NC 225A: Pre-Calculus A

Citrus College Course Outline of Record

Citrus College Course Outline of Record
Heading Value
Effective Term: Summer 2022
Credits: 0
Total Contact Hours: 60
Lecture Hours : 60
Lab Hours: 0
Hours Arranged: 0
Outside of Class Hours: 120
Prerequisite: Placement by a high school counselor.
Transferable to CSU: No
Transferable to UC: No
Grading Method: Non-Credit Course

Catalog Course Description

This course covers an in-depth study of higher level functions from an algebraic approach. Students will determine intercepts, solutions, and behaviors of the following functions: quadratics, natural log, exponential, functions of higher degree and trigonometric functions.
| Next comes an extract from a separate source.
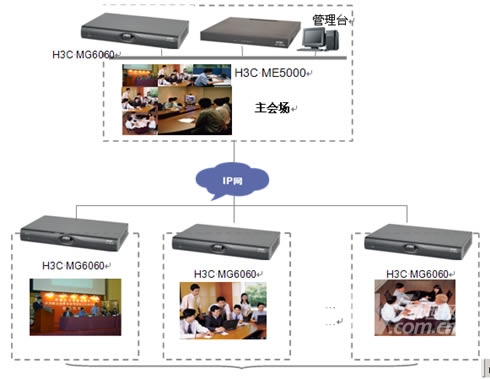 在主會場,分會場的會議室配備H3C高清視訊終端MG6060。H3C MG6060終端支持H.263、H.264等視頻編解碼協(xié)議,并采用了專有的視頻前、后處理技術,使得圖像質量大大提升,在周圍環(huán)境光照較差或者會場顏色搭配不甚和諧的情況下,仍舊能夠得到清晰、自然的圖像。視頻功能主要特色功能包括動態(tài)4CIF高清圖像、H.239雙視頻流傳送、畫中畫(PIP)、雙屏顯示、分屏顯示、VGA輸入、VGA輸出、桌面?zhèn)魉、圖像屏蔽、圖像參數(shù)調整等。有關H3C
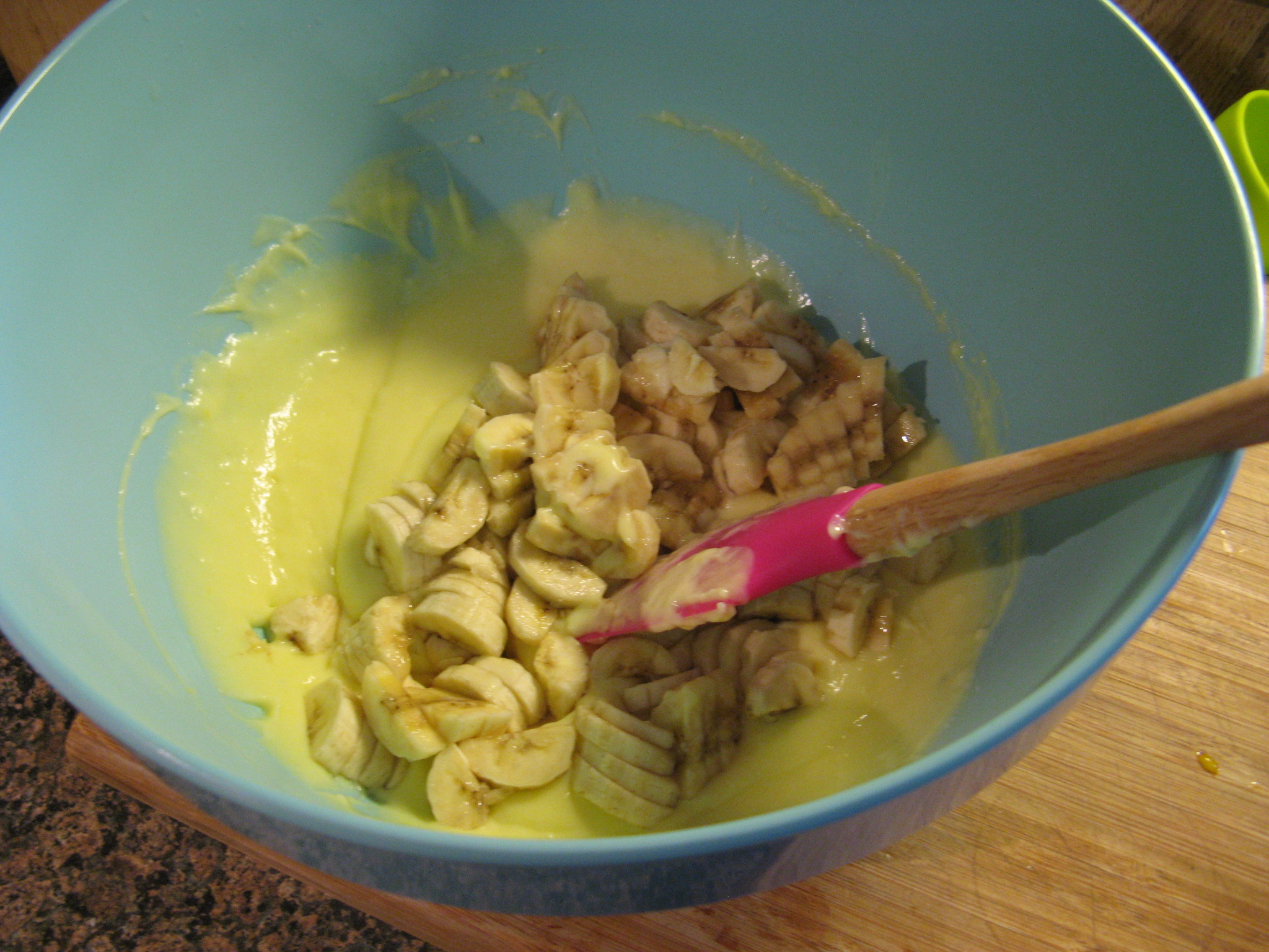 And then mixed in the butter and once it was melted I folded in the bananas.

In addition, the course will go over the relationship between logarithmic and power equations discussing various properties that apply to each in order to explore the relationship between the two. The course will also cover the unit circle and trigonometry. Students will use trigonometry to solve problems dealing with right triangles, as well as non-right triangles, in order to understand how the trigonometric functions interact with each other. The course format will include investigations with hands-on activities, concepts, and applications. Course work will consist of daily homework and test/quizzes when appropriate. 60 lecture hours.

Course Objectives

  • Identify, describe, compare, and analyze linear, quadratic, exponential, logarithmic, and trigonometric functions.
  • Apply concepts with vectors in 2 and 3 dimensions.
  • Demonstrate manipulated trigonometric identities.
  • Create and analyze mathematical models.
  • Apply the rules of probability to a variety of situations.
  • Apply definitions, properties, and theorems to trigonometric problem solving.
  • Expand trigonometric problem solving to problems involving physical applications of trigonometry.
  • Understand and apply knowledge of algebraic strategies used with trigonometry.
  • Demonstrate ability to solve problems using a graphing calculator.
  • Solve systems of equations.
  • Apply operations with matrices.
  • Identify and apply concepts such as arithmetic and geometric sequences.
  • Identify and manipulate conics.

Major Course Content

  1. Polar coordinates and vectors in the plane
    1. Translate between polar and rectangular coordinates
    2. Interpret polar coordinates and vectors graphically 
  2. Complex numbers
    1. Trigonometric form of complex numbers
    2. Functions of a complex variable as a function of two real variables
    3. Proof of DeMoivre's theorem 
  3. Proofs of formulas using mathematical induction
  4. Fundamental theorem of algebra
  5. Conic sections
    1. Analytical
    2. Geometrical
  6. Quadratic equation in two variables
    1. Standard form - complete the square and use rotations and translations
    2. Determine what type of conic section the equation represents
    3. Determine geometric components (foci, asymptotes, etc.)
  7. Geometric description of a conic section - e.g., the locus of points whose sum of its distances from (1, 0) and (-1, 0) is 6 - and derive a quadratic equation representing it
  8. Roots and poles of a rational function
    1. Graph functions
    2. Locate asymptotes
  9. Parametric functions and equations
    1. Graphs
  10. Limit of a sequence and limit of a function as the independent variable approaches a number or infinity
    1. Convergent and divergent sequences

Suggested Reading Other Than Required Textbook

No other required reading

Examples of Required Writing Assignments

No other required writing assignments

Examples of Outside Assignments

Complete assigned problems from textbook.

Instruction Type(s)

Lecture, Online Education Lecture